The question was about turnovers. About what the Jacksonville Jaguars defense would need to do to nab their first one of the year. About flipping that all important margin around and what it could do for a defense since turnovers are notoriously contagious.
But it was the latter part that intrigued Head Coach Urban Meyer; the contagious part. How one play could cause a spark and incite a flame that’s been dormant for far too long, but still simmering none the less. At 0-2 to start the season, the club owns a 17-game losing streak. Meyer has technically only been a part of the latest two, but he has been around the game long enough to know what a locker room accepting of a loss can look like.
So he’s asking for a spark. But to have a spark, one must first have a fire capable of being lit. It begins with the people.
“The number one thing that I’ve always, always worry about is making sure we have a really good locker room,” Meyer began, explaining why turnovers were a microcosm of the Jaguars larger issues to local media on Wednesday.
“That’s always been number one at the point of emphasis. First of all, quality of people and good unity and guys sticking together, and they are. I know the first two games haven’t gone [the way we wanted them to]—and some of these guys have been part of this for a couple years now. I love our locker room. I just had a good talk with our team about it and I see it on the sidelines. I see it and I talk to the guys nonstop.”
Half of this Jaguars locker room has been here for some time, or at least suffering through a 1-15 season, before the arrival of Meyer and Trevor Lawrence, among others.
If we may be allowed to continue with this metaphor, a fire won’t stay lit if the kindling isn’t strong. So the second facet of Meyer’s turnaround is to make sure each player in that locker room is capable of being on the field when needed.
“Number two is health of players and I can see the sports performance model being a positive so far. I know we get little dings here and there, but for the most part, our guys are utilizing it.”
Then comes the most important part; the actual spark. It can come on a single play or a series of events or sometimes—according to Meyer—simply from one guy lighting it for a teammate. He’s seen the beginnings of these sparks, giving him faith that soon one will have staying power.
“Michael Jordan said it in that documentary is that the Chicago Bulls struggled for years and years and all they needed was a spark…a spark is what? A spark is a great player making a great play. And how do you do that? It’s called competitive excellence. You do it in practice, you work it and you work to put the players in those positions.
“You evaluate the game last week, we could’ve been up 21-3. We missed a couple protections, DJ [Chark] was running 10 yards behind a guy, we got pressured and we didn’t get it out. So, just a spark by someone and we all witnessed it. Some sparks are relatively hard to have happen.
“And those 103-yard kick returns—how many times does that happen a year? I don’t know. I’m trying to think of the last time I had one on a team. 103 yards and that was DT, Daniel Thomas and so did Chapelle [Russell]. Obviously Ags [Jamal Agnew], that’s why we brought him here because he has the talent to do that. But here’s Chapelle running 100 yards down the field, leading them into the end zone.

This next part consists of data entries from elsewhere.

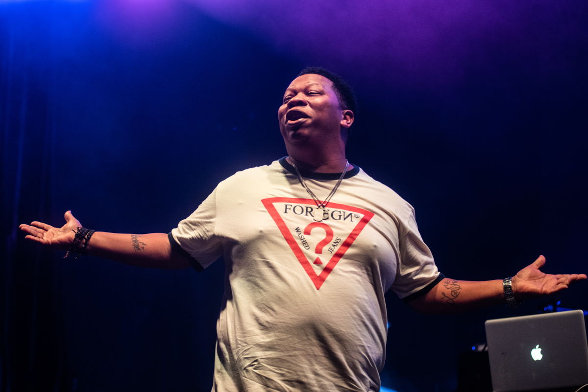 TO AIR IS HUMAN: Deante Hitchcock on stage at the Georgia Freight Depot during A3C 2018.
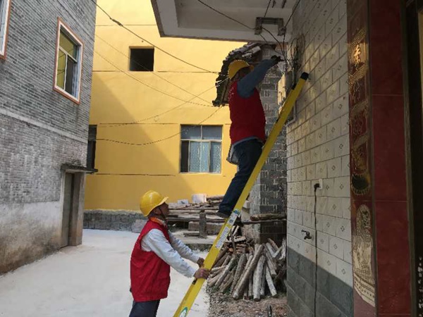 黨員服務(wù)隊為貧困戶家庭義務(wù)檢查用電線路以及用電設(shè)備情況,宣傳安全用電和節(jié)約用電常識,消除安全用電隱患。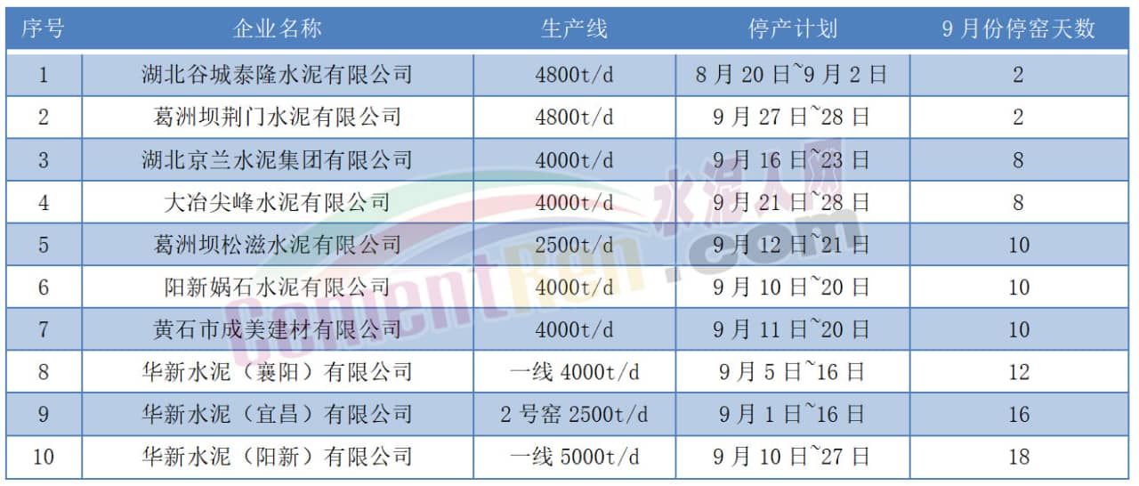 湖北22家水泥企業(yè)23條熟料線三季度停產(chǎn),9月份最長(zhǎng)停窯18天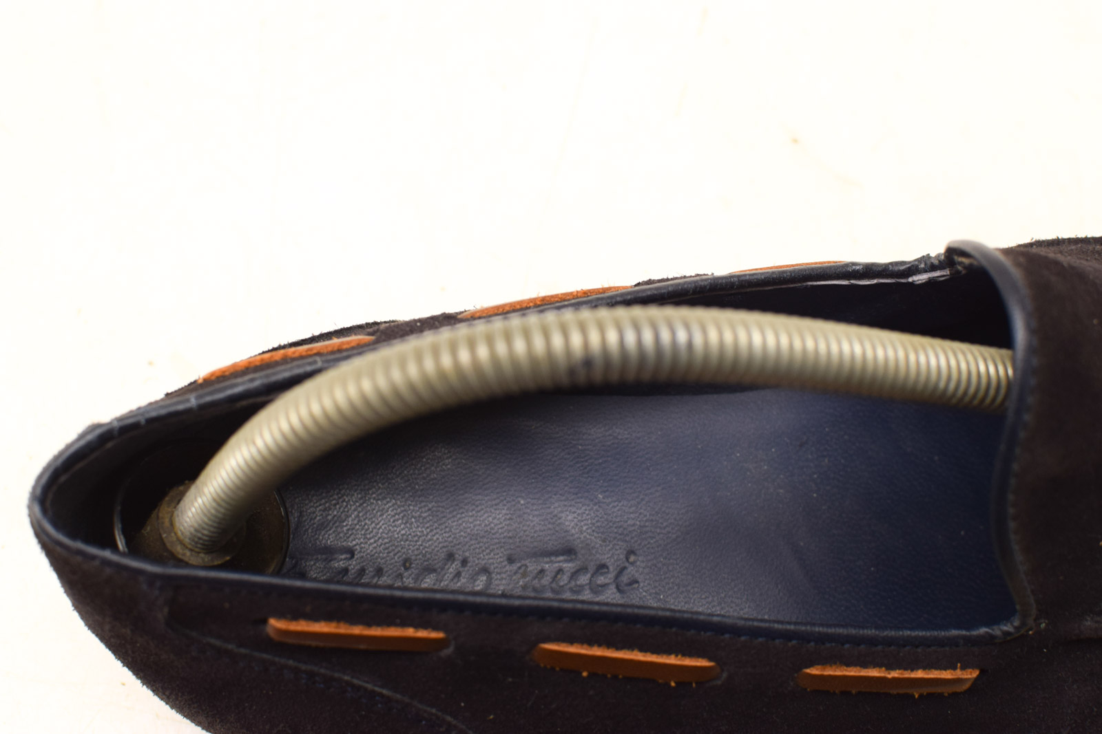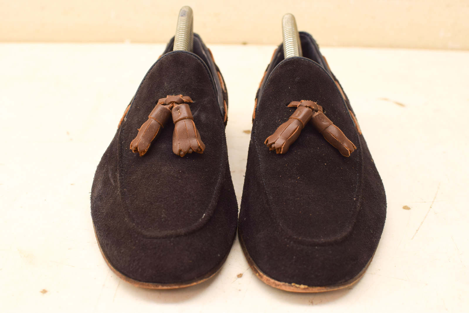 Ze hebben aan de voorkant 2 klosjes ze zijn gedragen zien er verder redelijk uit maat 41 ze hebben een spanveer in de schoenen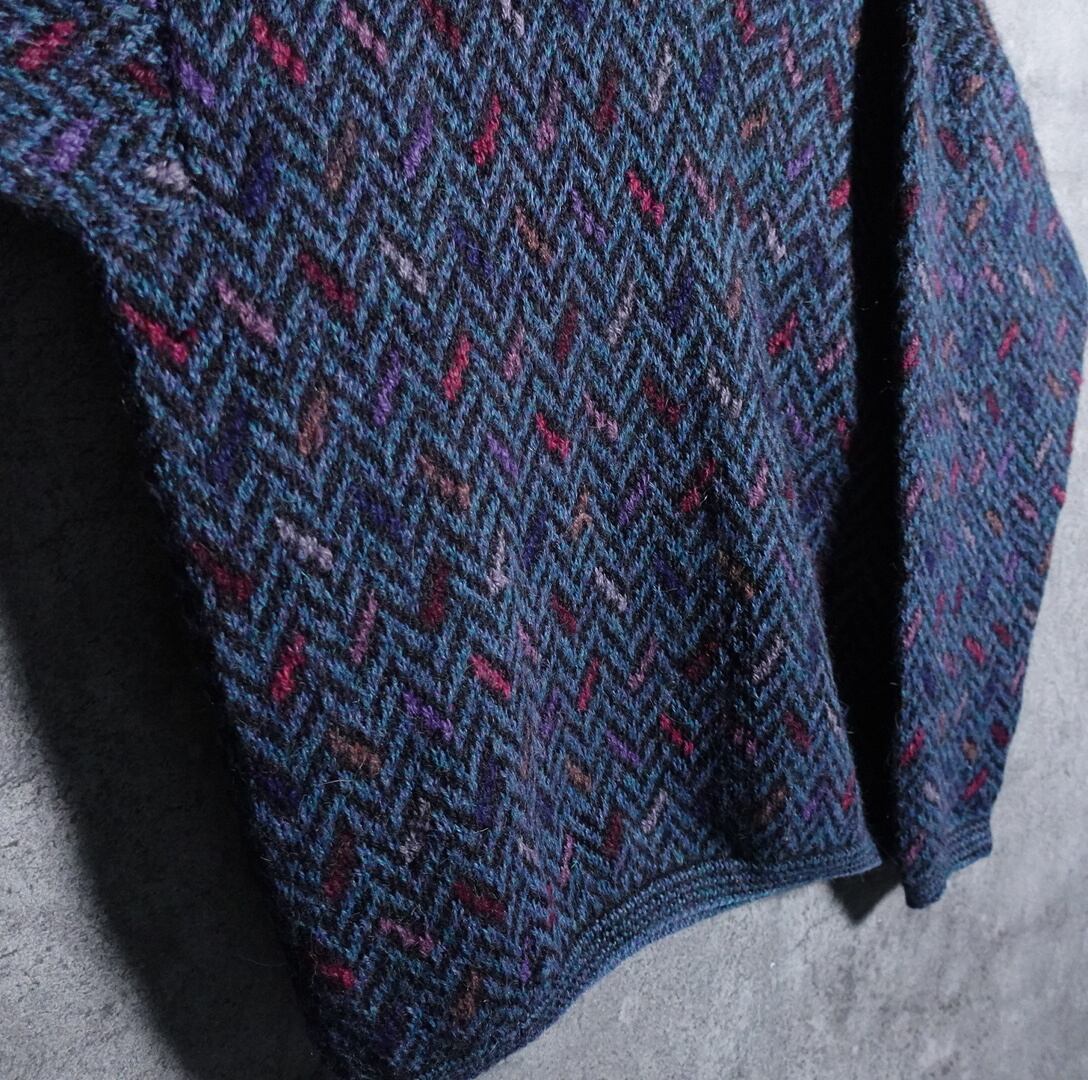 レッド、ブルー、ピンク、パープル、ワインレッドなどの糸を編み込んだジグザグを全面にあしらったデザイン。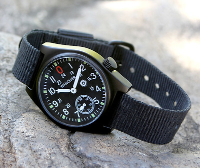 WANCHER Grukha2/그르카 2 밀리터리 웟치 기계식 손으로 말기 PVD 가공 매트 블랙 군용 빈티지 디자인!스몰 second 탑재 30도의 세계를 체현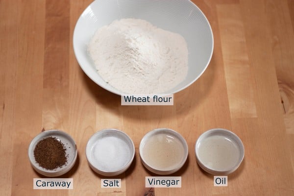 If you don’t like caraway, just skip it. It’s a very typical ingredient in Czech bread but don’t worry about it too much if you don’t want to use it. If you do, I recommend using ground or crushed caraway for the dough and full seeds to sprinkle the bread with. Also, if you have any problem with vinegar, you can skip it, as well. It helps the fermentation process and some people say it makes the crust crunchier. An ingredient you shouldn’t skip is the salt. The amount given will not make the bread taste salty but it’s very important and you will notice the difference if you skip the salt (Czechs call it jalový – idle).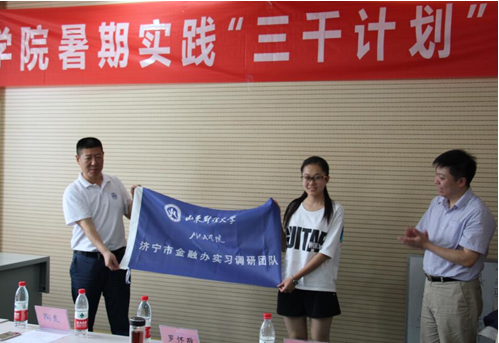 7月10日,我院在舜耕校区研究生教学楼MBA案例室举行了暑期实践“三千计划”授旗仪式,团委书记刘奇耀,学院院长陶虎,副院长罗怀敬、苏昕、李琪,润华集团、丁丁贷、申万宏源证券等校友企业代表,以及8支实习实践调研队队长、副队长等30余人参加了授旗仪式。授旗仪式由学院学位与学员管理部主任孔鹏志主持。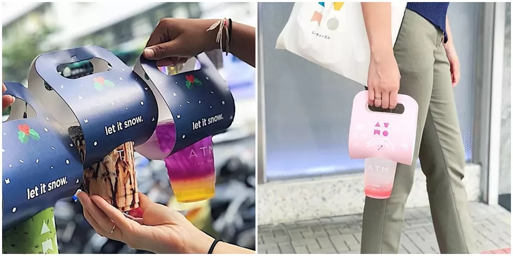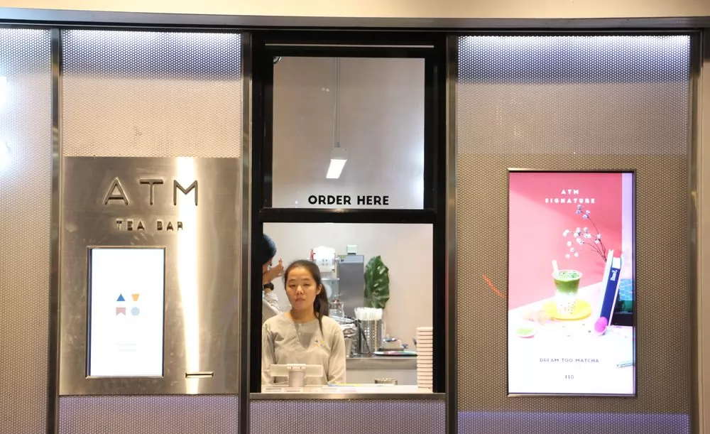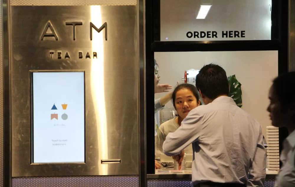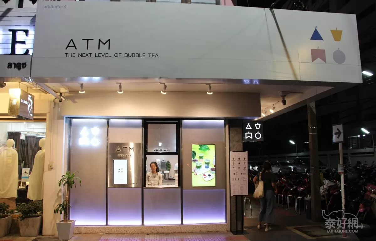 剛開始看到ATM Tea Bar的店家裝飾,妖妹想到會不是像自助提款機(泰國自動提款機叫ATM)一樣的方式,仔細一看,其實排隊的有兩條隊伍,一條是人工點單,另一條則是在類似ATM機那樣的機器邊點單。

“That’s a spark. A sack-fumble, interception, a third-down reception. And so, when that happens, that’s when the rock breaks.”
Meyer had four stops at the college level as a head coach. Three out of the four times, he was brought in to take over a team with a losing record the previous year. All four times, he manufactured winning and vastly improved records in his first year. Bowling Green went from 2-9 to 8-3 in Meyer’s first year. Utah improved from 5-6 to 10-2. The Florida Gators were 7-5 before Urban, then 9-3 in his first year (and won a National Championship his second year).
At Ohio State, Meyer took a team that had been 6-7 in 2011, and in his first year, led them to an undefeated 12-0 record. They were ineligible for postseason play due to previous NCAA infractions. So it was two more years before Meyer was able to take the team to a 14-1 record with a National Championship. Suffice to say, he’s seen what it takes to set a model for a rebuild and see it come to fruition.
"We’re all working through it. Of course it’s different in college, I get that, I’m not trying to equate the two, but you take over a team that was 1-10, you take over a team that was 6-7, you take over a team that was 5-7, or you take over whatever it is. Yeah, it’s hard, it’s really, really hard. And I knew it was going to be hard, but like I said, my focus is on what—I’m not worried about what happened last year or the year before. I’m worried about the locker room, how’s our locker room going? Our locker room is fantastic. How’s the chemistry on the team? Fantastic. How’s our relationship amongst the coaching staff? Fantastic—working your you-know-whats off and that’s all I’m concerned about.”
While the NFL is a different animal the foundation remains the same. The secret ingredient? A spark. And if it comes from a defensive turnover, even better.